Both books are strong reminders that however sweeping and careless Nietzsche's pronouncements may sometimes seem, his views of Christianity were based on a careful study of contemporary and earlier sources. He was familiar with much of the cutting-edge scholarly work of his time on the history of Christianity. Nietzsche was an intuitive thinker. But he wasn't receiving his intuitions on Christianity out of thin air or from some superficial "village atheist" thinking. Nietzsche pushes the reader to critical thinking. As Jaspers puts it, he constantly pushes us to think carefully, to look for contrary indications to our own conclusions:

Ständig kommt eine Zwei- und Mehrdeutigkeit in Nietzsches Denken. Er gewinnt nicht die Ruhe einer Wahrheit, nicht die Entspannung an einem erreichten Ziel. ...

Dabei schult uns Nietzsche in der Sensibilität eines intuitiven Wahrnehmens, dann im bewußten Auffassen der Zwei- und Vieldeutigkeiten, schließlich in der Beweglichkeit des Denkens ohne Fixierung eines Wissens! Es ist im Umgang mit Nietzsche wie ein Aufgelockertwerden. Möglichkeiten entstehen, aber nicht mehr.

Er zeigt uns nicht den Weg, lehrt uns nicht einen Glauben, stellt uns nicht auf einen Boden. Er läßt uns vielmehr keine Ruhe, quält uns unablässig, jagt uns auf aus jedem Winkel, verwehrt jede Verschleierung.

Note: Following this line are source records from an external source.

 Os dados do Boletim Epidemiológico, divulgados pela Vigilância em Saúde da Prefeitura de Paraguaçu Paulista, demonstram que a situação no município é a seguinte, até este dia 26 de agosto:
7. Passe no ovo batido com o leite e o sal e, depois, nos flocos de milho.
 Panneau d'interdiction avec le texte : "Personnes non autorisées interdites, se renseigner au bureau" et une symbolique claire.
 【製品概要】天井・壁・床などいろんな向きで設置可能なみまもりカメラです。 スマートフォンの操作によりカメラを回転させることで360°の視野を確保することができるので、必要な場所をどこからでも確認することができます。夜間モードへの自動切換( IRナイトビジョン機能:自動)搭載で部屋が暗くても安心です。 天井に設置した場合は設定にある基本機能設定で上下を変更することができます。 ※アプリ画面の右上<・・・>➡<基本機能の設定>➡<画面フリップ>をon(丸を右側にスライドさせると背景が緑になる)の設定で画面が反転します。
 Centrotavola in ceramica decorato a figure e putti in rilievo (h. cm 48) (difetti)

Er will uns, indem er uns ins Nichts stellt, gerade dadurch die Weite unseres Raumes schaffen; indem er uns der Bodenlosigkeit ansichtig macht, gerade dadurch die Möglichkeit schaffen, unseren echten Grund zu erfassen, aus dem wir kommen.

[A double and multiple interpretation comes regularly in Nietzsche's thought. He doesn't win the rest of a truth, nor the relaxation at a goal achieved. ...

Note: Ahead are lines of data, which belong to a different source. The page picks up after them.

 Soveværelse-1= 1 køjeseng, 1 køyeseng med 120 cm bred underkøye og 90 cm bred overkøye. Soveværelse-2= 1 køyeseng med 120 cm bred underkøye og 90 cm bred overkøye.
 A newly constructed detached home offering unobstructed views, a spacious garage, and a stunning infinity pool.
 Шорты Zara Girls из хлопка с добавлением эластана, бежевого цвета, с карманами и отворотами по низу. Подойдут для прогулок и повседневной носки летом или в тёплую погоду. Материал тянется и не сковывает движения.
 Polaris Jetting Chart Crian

Nietzsche thereby schools us in the sensibility of an intuitive perception, then in conscious comprehension of double and multiple interpretations, finally in the flexibility of though without the fixation of a science! Dealing with Nietzsche is like becoming limber. Possibilities develop, but not more.

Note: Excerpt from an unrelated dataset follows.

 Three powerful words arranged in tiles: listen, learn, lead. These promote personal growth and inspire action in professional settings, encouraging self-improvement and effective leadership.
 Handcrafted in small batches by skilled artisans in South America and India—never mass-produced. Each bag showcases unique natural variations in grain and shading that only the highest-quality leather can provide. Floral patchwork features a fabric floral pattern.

He doesn't show us the way, doesn't teach us a faith, doesn't give us a grounding. It's more like he leaves us no rest, distresses us unremittingly, bolts out of every corner, refuses every deception.

He wants us, precisely by leading us into nothingness, to create the breadth of our space; precisely by putting us at variance with bottomlessness, to creat the possibility to acquire our true ground from which he come.]